The implication is that when the police lawfully seize a car which is itself evidence of a crime rather than merely a container of incriminating articles, they may postpone *125searching it until arrival at a time and place in which the examination can be performed in accordance with sound scientific procedures.

Teale, 66 Cal. 2d at_, 450 P.2d at 570-571, 75 Cal. Rptr. at 178-79.

This principle was again followed in State v. Lewis, 22 Ohio St. 2d 125, 258 N.E.2d 445, cert. denied, 400 U.S. 959 (1970), where it was held that since there was reasonable ground to believe that defendant’s automobile was an instrumentality used in committing a murder, removal of paint samples for scientific examination was neither a search nor a seizure. No search warrant was required to validate the examination even though the examination was conducted at a place and time remote from the seizure.

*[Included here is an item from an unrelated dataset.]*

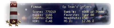 | Headshots | 4 | Suicides | 5 | Headshot / Kill | 5.13 % |

The propriety of a warrantless seizure and search where the vehicle is the evidence or instrumentality of a crime is implicit in several United States Supreme Court decisions as well. See e.g., Cardwell v. Lewis, 417 U.S. 583 (1974); Coolidge v. New Hampshire, 403 U.S. 443 (1971); Cooper v. California, 386 U.S. 58 (1967); Carroll v. United States, 267 U.S. 132 (1925).

In reviewing a trial judge’s ruling on a motion to suppress, we make an independent determination based on the totality of the circumstances. We reverse only if the trial judge’s ruling was clearly against the preponderance of the evidence. Cook v. State, 293 Ark. 103, 732 S.W.2d 462 (1987). Additionally, the trial judge has discretion in deciding evidentiary issues and his decision will not be reversed on appeal unless he has abused his discretion. Hoback v. State, 286 Ark. 153, 689 S.W.2d 569 (1985). Based upon our independent determination, the total circumstances reveal that the officers lawfully seized appellant’s vehicle as a permissible object of seizure after viewing it with his consent. Upon inspection of the vehicle, the police had a reasonable belief that it was evidence of the commission of a crime. Since the initial seizure was legal and since the reason for and nature of the custody of the vehicle was to use it as evidence, the subsequent warrantless searches were not unconstitutional. From the facts stated and the cases listed above, we find no error in the trial court’s denial of the motion to suppress nor do we find that the trial court abused its discretion in allowing in evidence obtained *126from the search and seizure of appellant’s vehicle. Therefore, the case must be affirmed.

Affirmed.

Cooper and Mayfield, JJ., agree.

Jennings, J., not participating on rehearing.